Yes, before answering you should firstly check if it's a duplicate. Flag or comment on it, this would be very helpful. And yes, the reputation system honors answering duplicates, sadly. However, I would say, the real reputation among TeX.SE users would not raise if they see somebody answering obvious duplicates. But it will do if fellow users notice that you take care of the site quality.

You could consider reputation as just a number. While being active on the site, it will raise by itself.

Another way of feeding the addiction would be trying to earn badges by flagging, reviewing, editing, and more.

  • I sometimes know a question is a duplicate but answer anyway because either (1) answering is quicker than searching and I'm pressed for time or (2) I tried searching and searching and searching and I still can't find the damn duplicate, so I give up my search in frustration. This happens even if I answered the duplicate question. Sometimes even if I asked the duplicate. (This is rarer as I have fewer questions so it is easier to find a particular one.) This may or may not be bad, but knowingly answering a duplicate is sometimes the only efficient way to help somebody. It can be closed later.
    – cfr
    Commented Sep 28, 2015 at 22:46

You may get a few upvotes, but closed questions will attract fewer voters than other questions, so the reputation at stake is unlikely to be much, and answering other questions is likely to give better rewards for your time. So checking for duplicates before answering is reputation-maximising behaviour.

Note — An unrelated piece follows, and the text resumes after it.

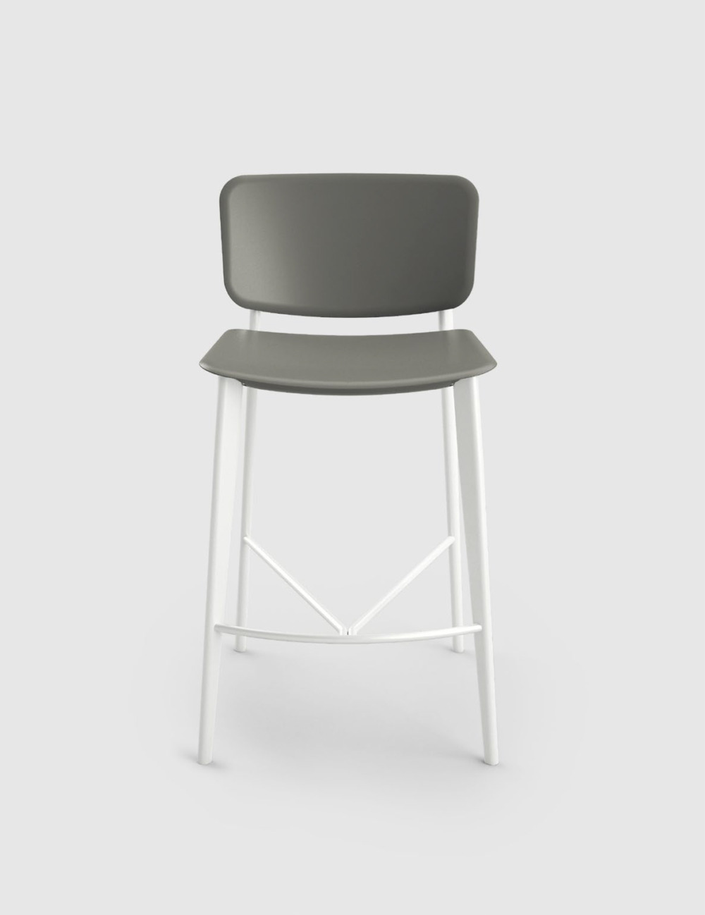 Sgabello con seduta e schienale in polipropilene, struttura metallica con gambe conificate e poggiapiedi.

If you can give good answers to doomed questions, that is quite possibly good for the site, and, unlike asking exact duplicate questions, does no harm. It will help the qner, and it will help people who arrive at the site through searches. Furthermore, if the closed question gets merged with the other question, it will become a regular answer of the merged question.

If you discover that your answer is a duplicate of another answer, you can edit in that fact to your answer.